- **Instructions to follow**: Exact copy, no pictures: return only the lines below from the line with "活动现场,长桌上整齐摆放着精" up to and including the line with "予想通りに下がれば、売りを残したまま買い②を追加します。".

- **Study material**:
——

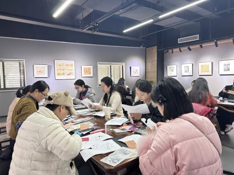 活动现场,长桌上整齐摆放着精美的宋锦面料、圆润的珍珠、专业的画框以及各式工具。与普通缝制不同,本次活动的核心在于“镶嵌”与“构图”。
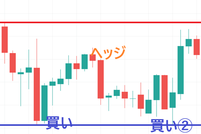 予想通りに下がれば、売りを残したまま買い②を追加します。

——

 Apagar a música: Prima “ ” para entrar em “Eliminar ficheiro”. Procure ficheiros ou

——

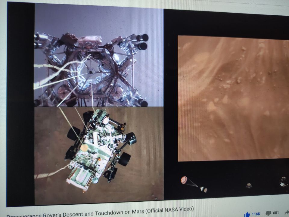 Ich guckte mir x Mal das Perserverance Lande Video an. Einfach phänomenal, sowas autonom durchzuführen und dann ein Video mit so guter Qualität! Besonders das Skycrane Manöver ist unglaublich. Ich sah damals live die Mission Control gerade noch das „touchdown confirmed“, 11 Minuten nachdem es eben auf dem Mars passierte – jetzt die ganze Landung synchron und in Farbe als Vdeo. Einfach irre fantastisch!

——

- **Answer for the task**:
 活动现场,长桌上整齐摆放着精美的宋锦面料、圆润的珍珠、专业的画框以及各式工具。与普通缝制不同,本次活动的核心在于“镶嵌”与“构图”。
 予想通りに下がれば、売りを残したまま買い②を追加します。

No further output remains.